That same pattern showed up across both families. In a forward-correctness overlay, the initial T0 expectations of both major families held up much better than the narrower derived children. E-001’s parent survived 60 days with weakening status but stayed alive. E-002’s parent survived 60 days as active and never weakened materially. The broadest framings the system formed from the full field were the most stable objects in the whole replay.
The narrower children fared much worse. Across E-001 and E-002, nine children were born and seven were retired within the replay windows. That matches the earlier candidate backtests: the system is good at seeing structural differences, but many of the narrower splits it can name do not remain durable for long. The replay makes that visible in a cleaner way than the question graph ever did. The parent holds the thread; the children are attempts at refinement, and most of those refinements fail.
The two families behave differently
Comparing the two parent expectations side by side shows that the hardware/software family is structurally noisier than the divergence-cluster family. The parent for E-002 spent more days stable, fewer days weakened, and survived the full window without ever materially weakening.
This is the kind of structural difference the replay can show that the daily briefing cannot. The two families look superficially similar on any given day, but their trajectories are markedly different. E-001 is an expectation whose underlying field legitimately changes a lot — it splits often, weakens often, recovers often. E-002 is more cohesive.
Weakening is an early-warning signal, not a label
A third finding is that weakening is not just a label. It appears to be an early-warning signal. For expectations that were eventually retired, the weakened event preceded retirement by a measurable amount: about 19.8 trading days on average in E-001 and 13.5 days in E-002.
The average lead time from weakened to retired was roughly two to three trading weeks, across both families and both starting dates.
That does not make weakening a perfect predictor. The observed lead-time distribution ranged from a few days to several weeks. But it does suggest the system is doing more than labelling a retirement after the fact. It is picking up deterioration before the expectation fully breaks.
The pattern held at a second starting date
The most important question after the first run was whether these results were artifacts of one T0. I reran the replay starting February 10, 2026 for both families. The broad patterns held.
| run | born | durable | weakened | retired | incomplete | % durable @ 30D |
|---|---|---|---|---|---|---|
| E-001 · T0 Nov 19 | 7 | 1 | 1 | 0 | 5 | 50% |
| E-001 · T0 Feb 10 | 9 | 2 | 1 | 0 | 6 | 67% |
| E-002 · T0 Nov 19 | 4 | 1 | 0 | 0 | 3 | 100% |
| E-002 · T0 Feb 10 | 3 | 0 | 0 | 0 | 2 | 0% |
E-001 consistently produced more expectations than E-002 across both T0s, which suggests the hardware/software family is structurally noisier while the divergence-cluster family is more cohesive.
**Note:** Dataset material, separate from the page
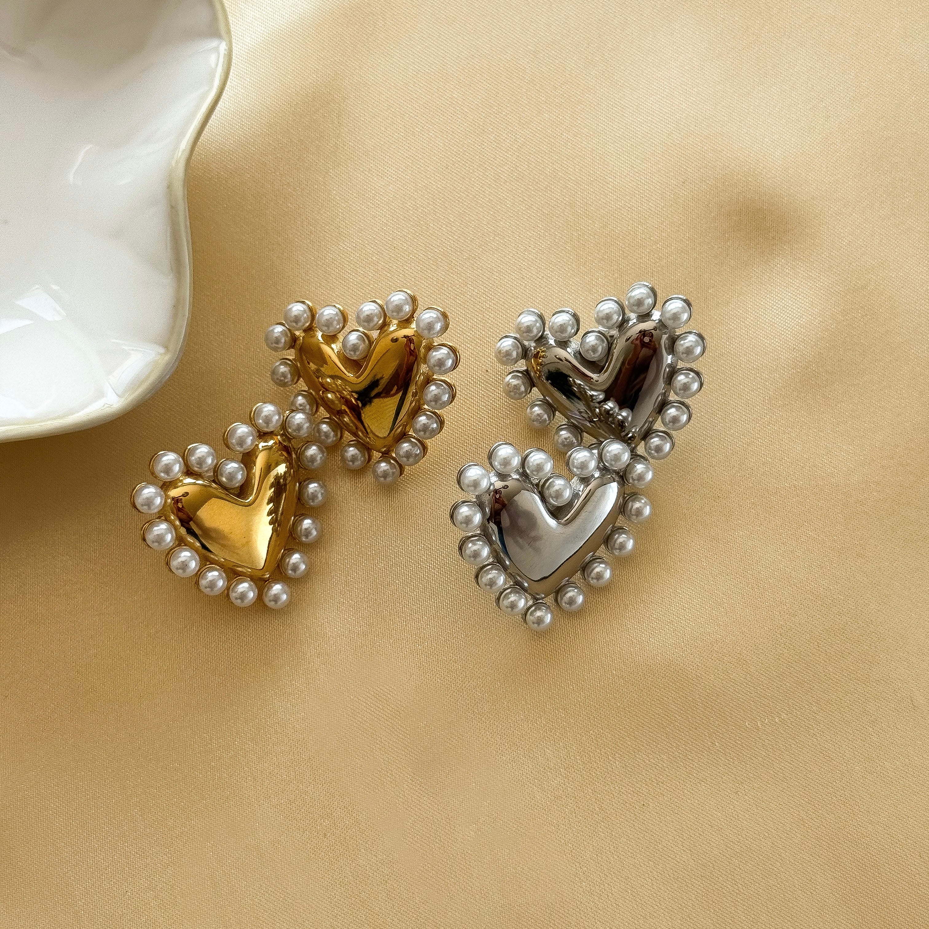 Elevate your style with these stunning Pearl Heart Earrings, featuring a delicate heart shape framed by elegant pearl edge detailing. Available in both gold and silver, they add a timeless touch of sophistication to any outfit.

All four parent expectations across the two families and two T0s survived their replay windows alive. The children remained much noisier than the parents.
The architecture-level result appears reproducible: the system can maintain broad expectation continuity over time, but its narrower descendants are far less reliable.
What this is and isn't
That is the part that feels important to me. The original idea was never “can we generate a lot of clever follow-on questions?” It was “can we make the system’s evolving expectations observable?” The expectation-field replay is the first artifact that actually answers that question.
It lets me ask: what did topicspace believe about the hardware/software gap on each day in this window, when did that belief weaken, when did it split, which narrower interpretations survived, and which were retired? I could not ask that cleanly in the question-graph version, because the graph was centered on questions and candidates rather than on the expectation itself. Re-centering expectations as first-class objects was the necessary correction.
What this does not prove is that the expectations were externally right. The current evaluator tests structural persistence, not truth. It can tell me that an expectation stayed coherent, that weakening preceded retirement, and that broad frames survived where narrow ones did not. It does not yet tell me whether surviving expectations tracked reality well enough to be useful beyond internal coherence. That remains the next layer. The current system is better at maintaining an evolving belief trace than at proving the external correctness of that belief trace.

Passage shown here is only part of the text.